THE INPUT:
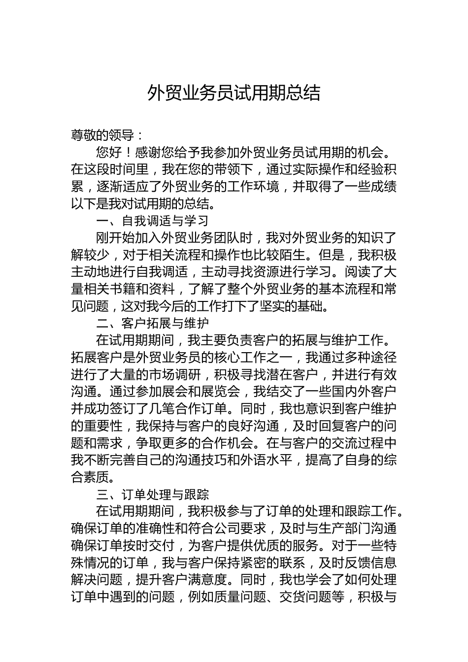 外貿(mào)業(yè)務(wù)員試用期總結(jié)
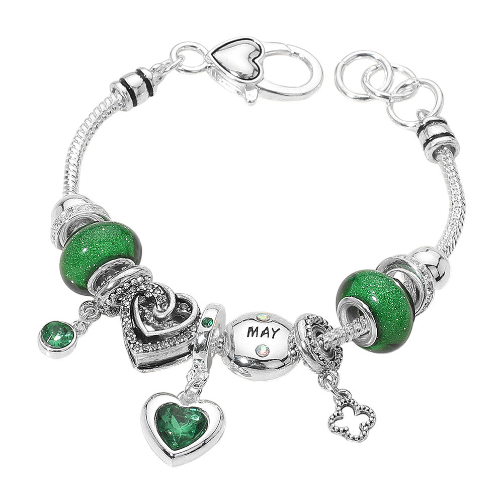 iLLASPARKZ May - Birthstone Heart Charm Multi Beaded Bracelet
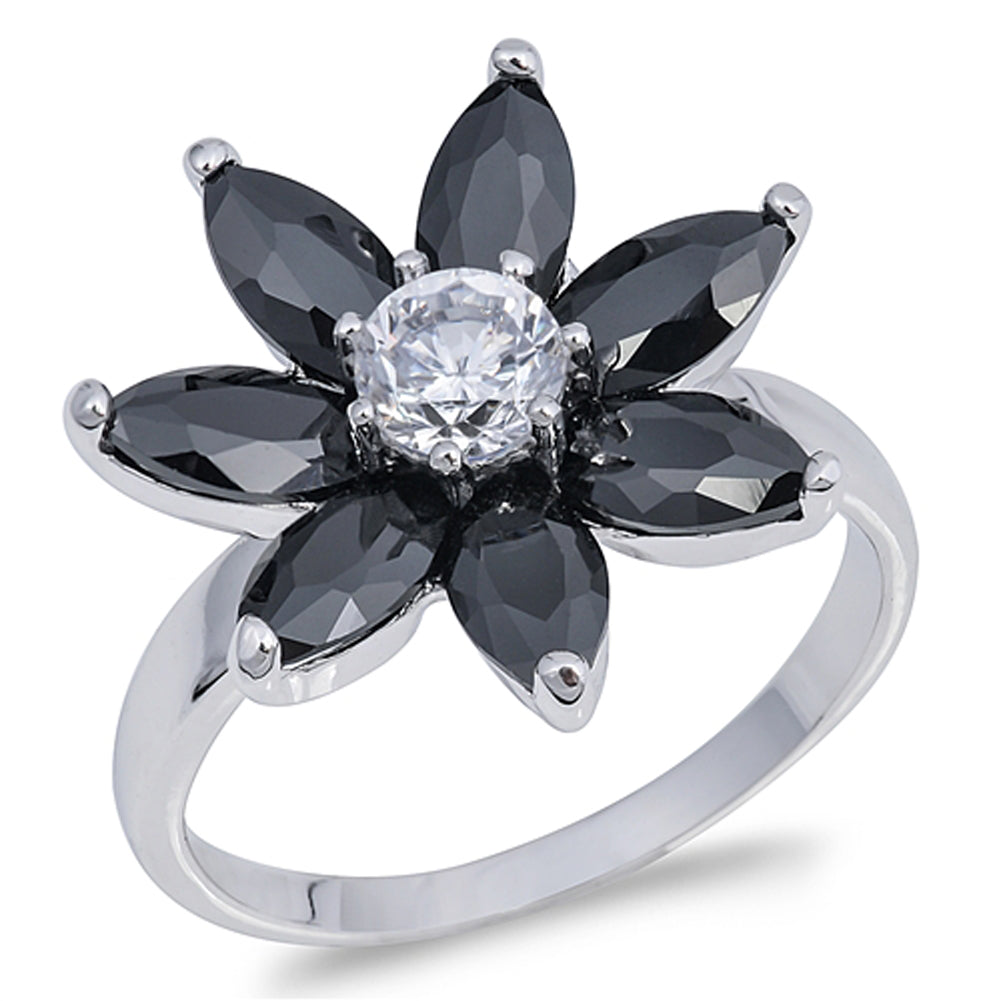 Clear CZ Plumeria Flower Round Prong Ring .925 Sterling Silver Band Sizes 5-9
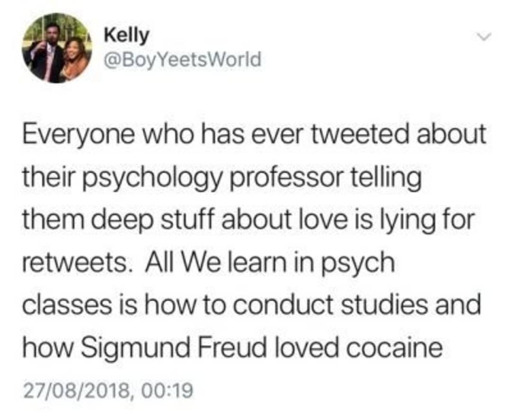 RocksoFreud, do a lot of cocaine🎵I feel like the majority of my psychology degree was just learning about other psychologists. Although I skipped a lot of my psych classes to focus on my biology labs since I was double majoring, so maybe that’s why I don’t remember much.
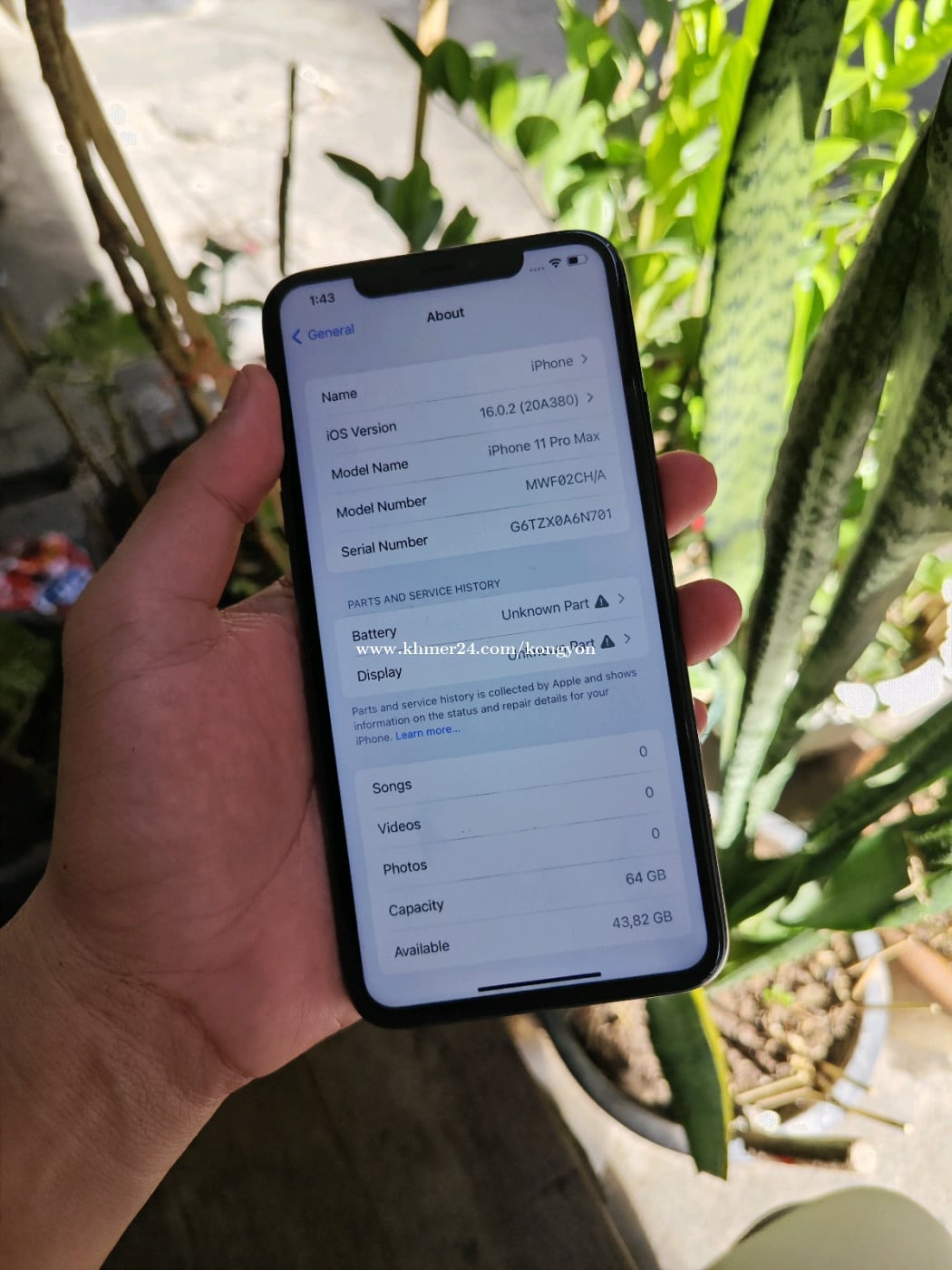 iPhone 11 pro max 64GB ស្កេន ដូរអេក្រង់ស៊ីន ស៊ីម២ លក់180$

ABOUT THIS EXERCISE: Now transcribe all the entries above exactly, so that no picture is carried over.

ANSWER:
 外貿(mào)業(yè)務(wù)員試用期總結(jié)
 iLLASPARKZ May - Birthstone Heart Charm Multi Beaded Bracelet
 Clear CZ Plumeria Flower Round Prong Ring .925 Sterling Silver Band Sizes 5-9
 RocksoFreud, do a lot of cocaine🎵I feel like the majority of my psychology degree was just learning about other psychologists. Although I skipped a lot of my psych classes to focus on my biology labs since I was double majoring, so maybe that’s why I don’t remember much.
 iPhone 11 pro max 64GB ស្កេន ដូរអេក្រង់ស៊ីន ស៊ីម២ លក់180$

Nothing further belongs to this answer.